• _What to produce_
Exactly as they appear below, repeat the lines from the one with "This personalized weekender" through the one with "仲良し初期刀友達5振りがワイ", and no others.

*** Records shown ***

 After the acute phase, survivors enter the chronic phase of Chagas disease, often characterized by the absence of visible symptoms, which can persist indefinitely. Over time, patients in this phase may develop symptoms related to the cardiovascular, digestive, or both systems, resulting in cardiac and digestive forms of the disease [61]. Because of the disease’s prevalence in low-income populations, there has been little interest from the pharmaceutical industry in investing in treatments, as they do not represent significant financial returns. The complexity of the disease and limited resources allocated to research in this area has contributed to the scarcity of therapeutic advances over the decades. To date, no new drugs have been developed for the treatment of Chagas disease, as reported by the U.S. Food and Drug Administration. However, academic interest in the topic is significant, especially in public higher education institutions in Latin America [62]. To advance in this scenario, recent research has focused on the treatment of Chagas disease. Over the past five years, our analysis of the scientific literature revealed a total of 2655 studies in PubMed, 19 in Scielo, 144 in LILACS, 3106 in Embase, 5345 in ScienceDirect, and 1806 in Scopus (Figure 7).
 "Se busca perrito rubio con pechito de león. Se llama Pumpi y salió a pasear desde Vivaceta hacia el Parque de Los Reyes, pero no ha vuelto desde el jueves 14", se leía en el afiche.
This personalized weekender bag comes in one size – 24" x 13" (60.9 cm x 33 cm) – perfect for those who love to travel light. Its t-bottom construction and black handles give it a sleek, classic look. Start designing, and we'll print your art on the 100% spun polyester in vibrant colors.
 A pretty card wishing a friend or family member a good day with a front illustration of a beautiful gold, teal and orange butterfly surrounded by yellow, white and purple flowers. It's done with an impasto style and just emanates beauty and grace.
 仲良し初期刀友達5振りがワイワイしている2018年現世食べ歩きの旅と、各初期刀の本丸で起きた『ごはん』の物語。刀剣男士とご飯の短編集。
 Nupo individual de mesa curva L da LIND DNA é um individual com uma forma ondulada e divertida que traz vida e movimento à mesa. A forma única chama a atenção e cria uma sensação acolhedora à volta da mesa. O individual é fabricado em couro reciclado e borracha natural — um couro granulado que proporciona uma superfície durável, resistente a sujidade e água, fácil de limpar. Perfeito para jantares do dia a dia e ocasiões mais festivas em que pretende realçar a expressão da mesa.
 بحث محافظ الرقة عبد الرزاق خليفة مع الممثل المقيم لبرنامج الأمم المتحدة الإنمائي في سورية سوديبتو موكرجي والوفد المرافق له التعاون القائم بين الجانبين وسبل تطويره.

*** End of Records shown ***

• _Result of the task_
This personalized weekender bag comes in one size – 24" x 13" (60.9 cm x 33 cm) – perfect for those who love to travel light. Its t-bottom construction and black handles give it a sleek, classic look. Start designing, and we'll print your art on the 100% spun polyester in vibrant colors.
 A pretty card wishing a friend or family member a good day with a front illustration of a beautiful gold, teal and orange butterfly surrounded by yellow, white and purple flowers. It's done with an impasto style and just emanates beauty and grace.
 仲良し初期刀友達5振りがワイワイしている2018年現世食べ歩きの旅と、各初期刀の本丸で起きた『ごはん』の物語。刀剣男士とご飯の短編集。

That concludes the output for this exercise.